◆ What you have to do:
Restate the data exactly as given and keep the pictures out.

-- Opening Marker --

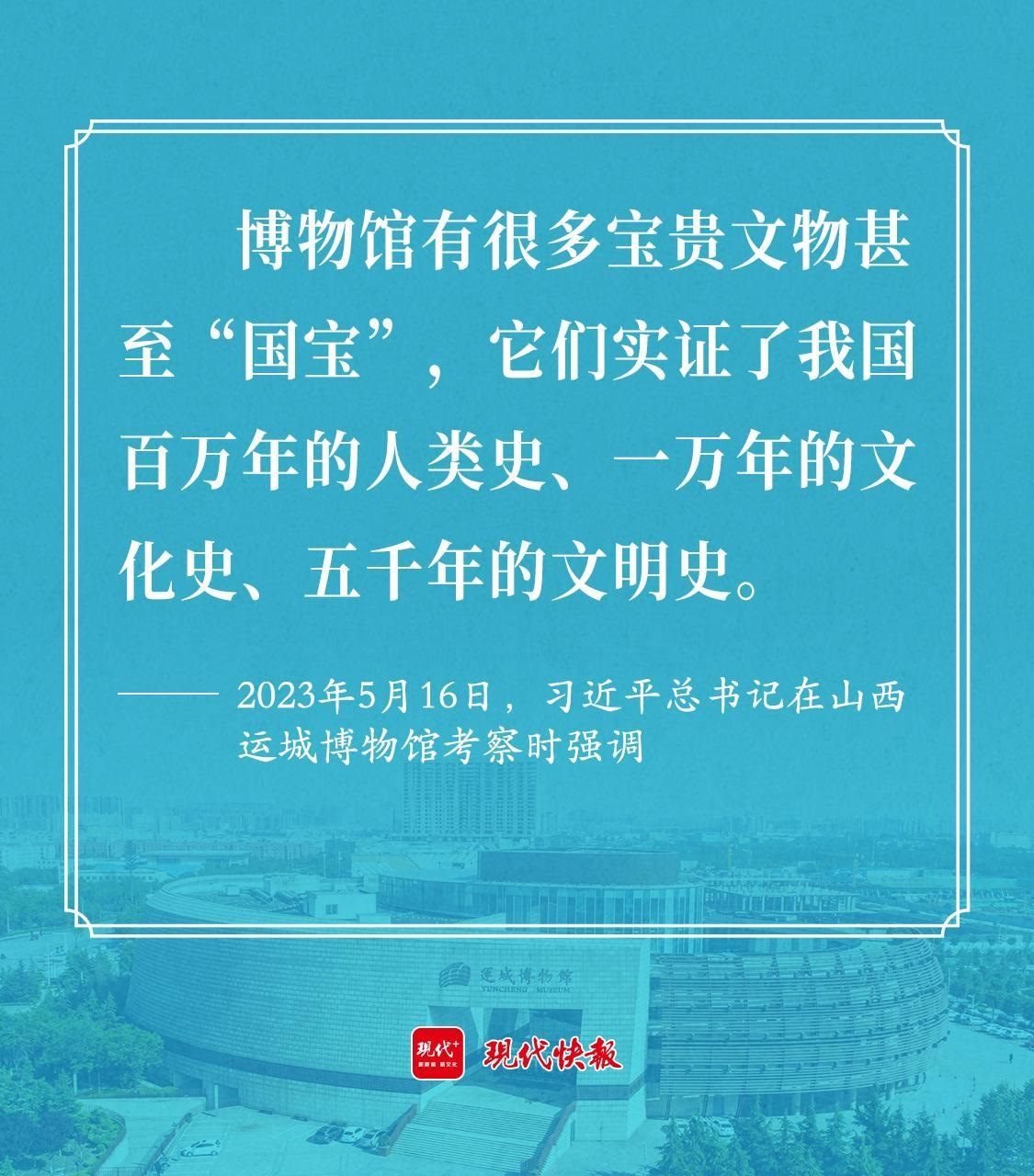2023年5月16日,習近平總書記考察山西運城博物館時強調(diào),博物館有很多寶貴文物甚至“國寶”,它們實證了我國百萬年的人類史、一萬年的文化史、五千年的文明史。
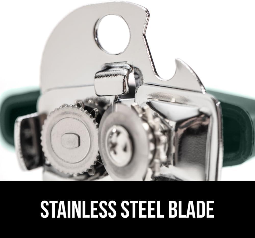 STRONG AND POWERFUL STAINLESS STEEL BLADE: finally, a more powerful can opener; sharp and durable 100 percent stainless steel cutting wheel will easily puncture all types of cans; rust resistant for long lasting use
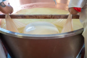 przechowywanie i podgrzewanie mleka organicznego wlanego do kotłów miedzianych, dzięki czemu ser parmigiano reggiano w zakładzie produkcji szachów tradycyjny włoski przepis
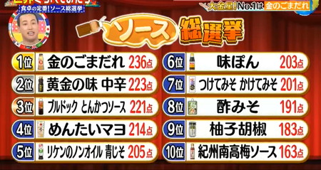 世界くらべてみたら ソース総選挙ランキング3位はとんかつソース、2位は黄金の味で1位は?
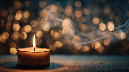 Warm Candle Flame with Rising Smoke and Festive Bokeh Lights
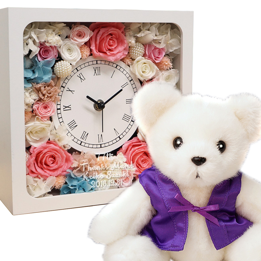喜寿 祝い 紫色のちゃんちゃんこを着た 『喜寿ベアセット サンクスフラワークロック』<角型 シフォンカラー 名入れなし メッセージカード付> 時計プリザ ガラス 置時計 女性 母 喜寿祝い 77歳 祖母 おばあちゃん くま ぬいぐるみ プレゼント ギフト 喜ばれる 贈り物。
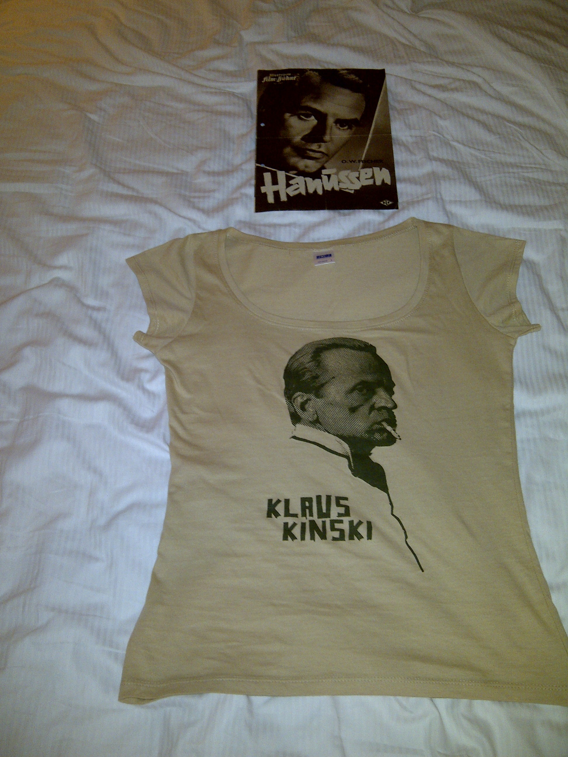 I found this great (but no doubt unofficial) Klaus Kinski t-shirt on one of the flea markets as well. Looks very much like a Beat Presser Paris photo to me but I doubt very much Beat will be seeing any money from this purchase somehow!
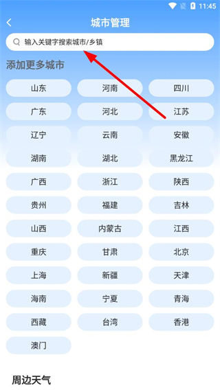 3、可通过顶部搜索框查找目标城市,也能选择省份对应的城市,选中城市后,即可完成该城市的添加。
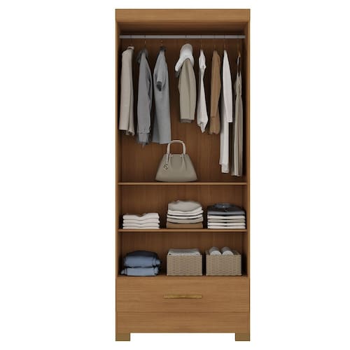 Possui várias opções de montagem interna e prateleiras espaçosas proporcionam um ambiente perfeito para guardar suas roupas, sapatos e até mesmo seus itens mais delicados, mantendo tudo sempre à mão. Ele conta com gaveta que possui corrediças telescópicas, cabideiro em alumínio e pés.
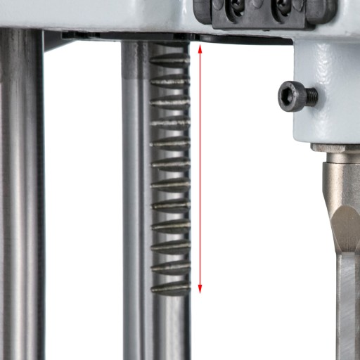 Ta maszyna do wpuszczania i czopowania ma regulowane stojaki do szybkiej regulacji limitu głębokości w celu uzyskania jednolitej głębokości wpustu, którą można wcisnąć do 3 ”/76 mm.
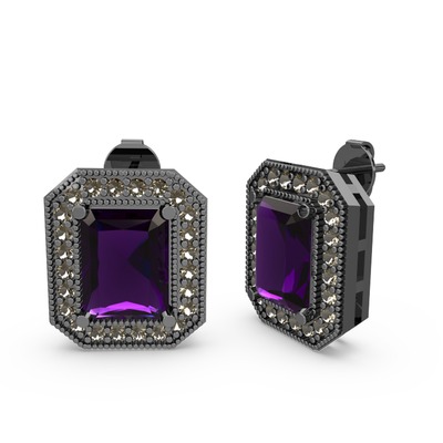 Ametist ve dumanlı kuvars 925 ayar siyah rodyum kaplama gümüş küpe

-- Closing Marker --

◆ Reply to the exercise:
2023年5月16日,習近平總書記考察山西運城博物館時強調(diào),博物館有很多寶貴文物甚至“國寶”,它們實證了我國百萬年的人類史、一萬年的文化史、五千年的文明史。
 STRONG AND POWERFUL STAINLESS STEEL BLADE: finally, a more powerful can opener; sharp and durable 100 percent stainless steel cutting wheel will easily puncture all types of cans; rust resistant for long lasting use
 przechowywanie i podgrzewanie mleka organicznego wlanego do kotłów miedzianych, dzięki czemu ser parmigiano reggiano w zakładzie produkcji szachów tradycyjny włoski przepis
 世界くらべてみたら ソース総選挙ランキング3位はとんかつソース、2位は黄金の味で1位は?
 Warm Candle Flame with Rising Smoke and Festive Bokeh Lights
喜寿 祝い 紫色のちゃんちゃんこを着た 『喜寿ベアセット サンクスフラワークロック』<角型 シフォンカラー 名入れなし メッセージカード付> 時計プリザ ガラス 置時計 女性 母 喜寿祝い 77歳 祖母 おばあちゃん くま ぬいぐるみ プレゼント ギフト 喜ばれる 贈り物。
 I found this great (but no doubt unofficial) Klaus Kinski t-shirt on one of the flea markets as well. Looks very much like a Beat Presser Paris photo to me but I doubt very much Beat will be seeing any money from this purchase somehow!
 3、可通过顶部搜索框查找目标城市,也能选择省份对应的城市,选中城市后,即可完成该城市的添加。
 Possui várias opções de montagem interna e prateleiras espaçosas proporcionam um ambiente perfeito para guardar suas roupas, sapatos e até mesmo seus itens mais delicados, mantendo tudo sempre à mão. Ele conta com gaveta que possui corrediças telescópicas, cabideiro em alumínio e pés.
 Ta maszyna do wpuszczania i czopowania ma regulowane stojaki do szybkiej regulacji limitu głębokości w celu uzyskania jednolitej głębokości wpustu, którą można wcisnąć do 3 ”/76 mm.
 Ametist ve dumanlı kuvars 925 ayar siyah rodyum kaplama gümüş küpe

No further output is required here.